If the original number `S` happens to be divisible by 7,
the result of these operations will too, so it would be good to start
with a value for `S` which is divisible by 7. The smallest
number which qualifies is 1001. We can find the number 1001
with a little guess-and-check (it's
only the ninth positive integer that contains only zeros and ones).

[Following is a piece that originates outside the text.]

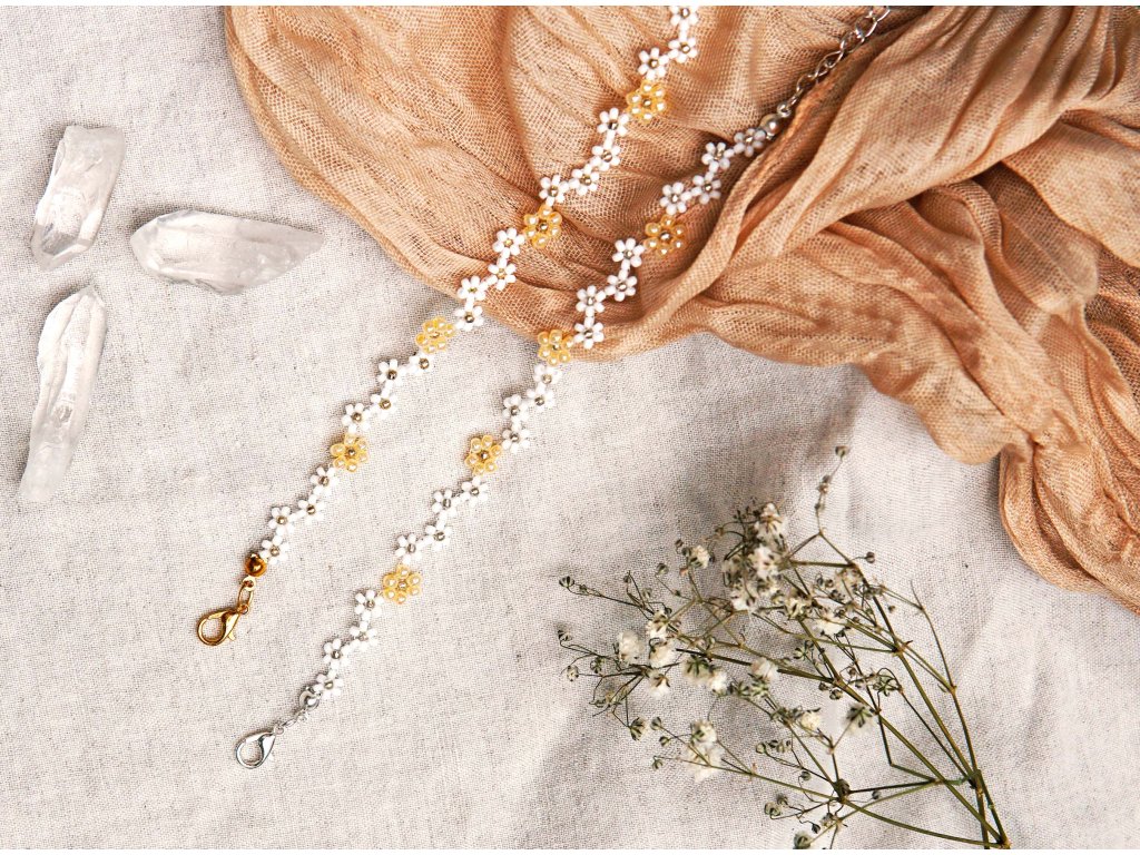 Ručně vyráběný květinový náramek Heřmánek z kvalitních japonských korálků MIYUKI – šperk, který uklidňuje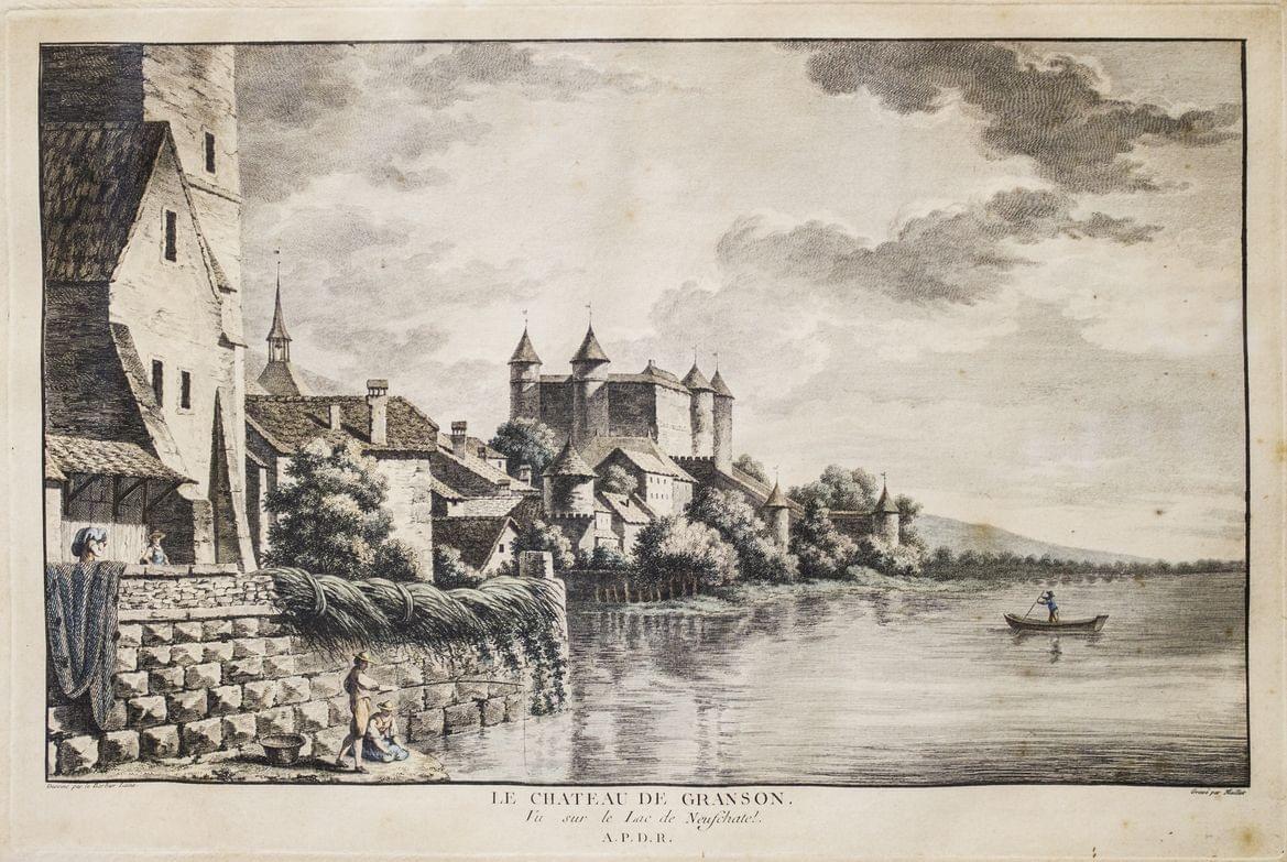 Le château de Granson, gravure aquarellée, 32x49 cm

Using 1001, and applying the operations described, results
in the number
`X` as
100110011001100110011001100110011001000.
The sequence

100110011001100110011001100110011001000 100110011001100110011001100110011001001 100110011001100110011001100110011001002 100110011001100110011001100110011001003 100110011001100110011001100110011001004 100110011001100110011001100110011001005 100110011001100110011001100110011001006 100110011001100110011001100110011001007 100110011001100110011001100110011001008 100110011001100110011001100110011001009 100110011001100110011001100110011001010 100110011001100110011001100110011001011 100110011001100110011001100110011001012is a sequence of 13 consecutive special numbers. Of course, there are sequences of 13 consecutive numbers that contain smaller numbers. (Okay, perhaps it is interesting to find the smallest, but this puzzle doesn't ask for that). It would be nice to have a more direct method for finding an integer containing only zeros and ones that is divisible by 7 (although I doubt there is a simple one).